DATA SECTION:
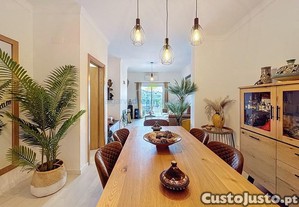 No piso térreo, encontra-se um hall de entrada que conduz a uma cozinha totalmente equipada, uma casa de banho de serviço e uma ampla sala de estar e jantar, ideal para momentos em família. O acesso direto à área exterior privativa, que conta com três níveis distintos, proporciona um espaço perfeito para relaxar ou entreter amigos, incluindo uma zona de barbecue. No piso superior, duas suítes com varandas privativas oferecem o máximo conforto e privacidade.
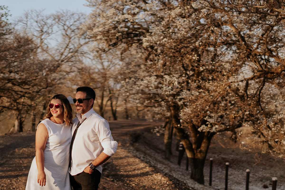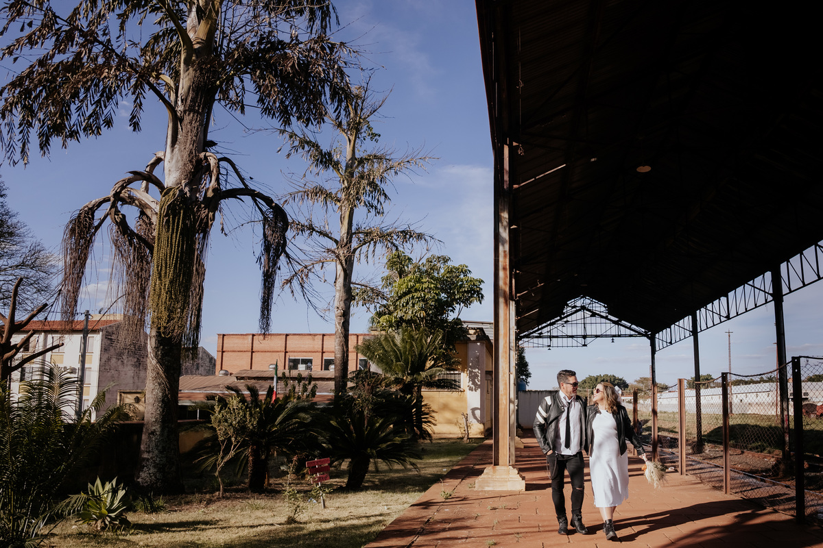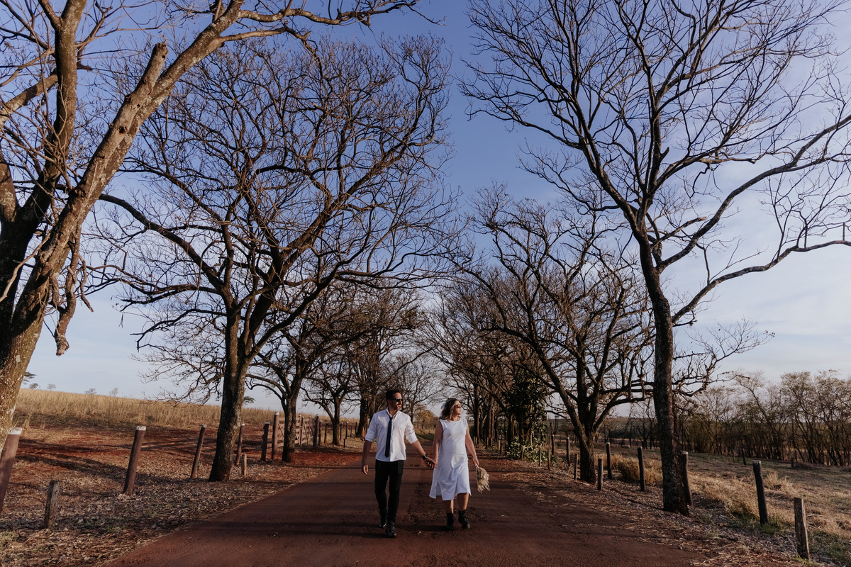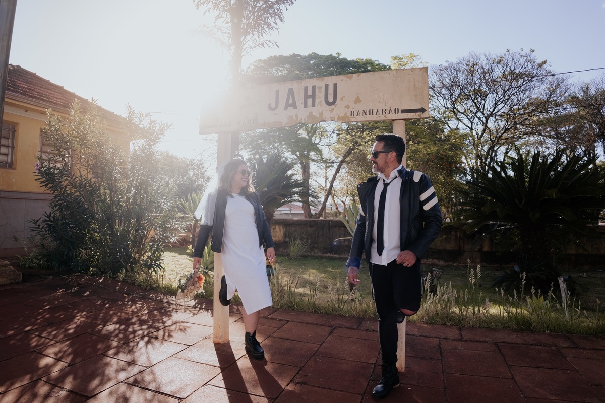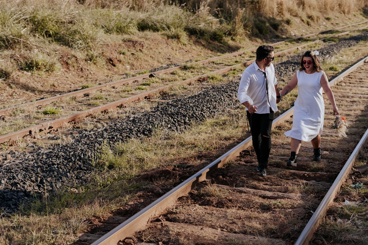 Começamos na antiga estação de trem de Jaú, onde a conexão entre os dois fluía de forma leve e natural — exatamente como gosto de fotografar: sem pose, só verdade. Depois seguimos pelas linhas do trem, até um caminho cercado por árvores e folhagens caídas, com um pôr do sol que parecia feito sob medida pra eles.
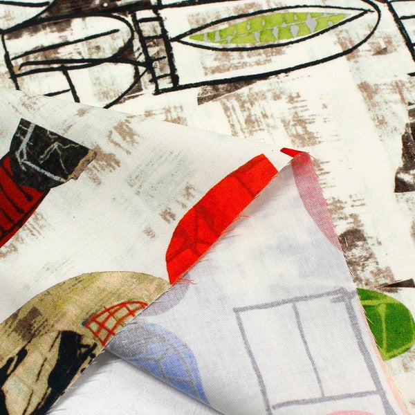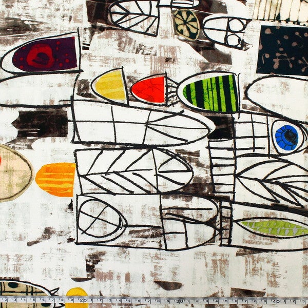 5. 輸入生地 生地 アイボリー地 カラフル図形柄 WINDHAM FABRICS USAプリント生地 インテリア クッション 大柄 オシャレ (最低単位50cm~10cm単位の切売)

PROMPT: All of the material must be given again exactly, though no picture may appear in the copy.

OUTPUT FOR THIS TASK:
 No piso térreo, encontra-se um hall de entrada que conduz a uma cozinha totalmente equipada, uma casa de banho de serviço e uma ampla sala de estar e jantar, ideal para momentos em família. O acesso direto à área exterior privativa, que conta com três níveis distintos, proporciona um espaço perfeito para relaxar ou entreter amigos, incluindo uma zona de barbecue. No piso superior, duas suítes com varandas privativas oferecem o máximo conforto e privacidade.
 Começamos na antiga estação de trem de Jaú, onde a conexão entre os dois fluía de forma leve e natural — exatamente como gosto de fotografar: sem pose, só verdade. Depois seguimos pelas linhas do trem, até um caminho cercado por árvores e folhagens caídas, com um pôr do sol que parecia feito sob medida pra eles.
 5. 輸入生地 生地 アイボリー地 カラフル図形柄 WINDHAM FABRICS USAプリント生地 インテリア クッション 大柄 オシャレ (最低単位50cm~10cm単位の切売)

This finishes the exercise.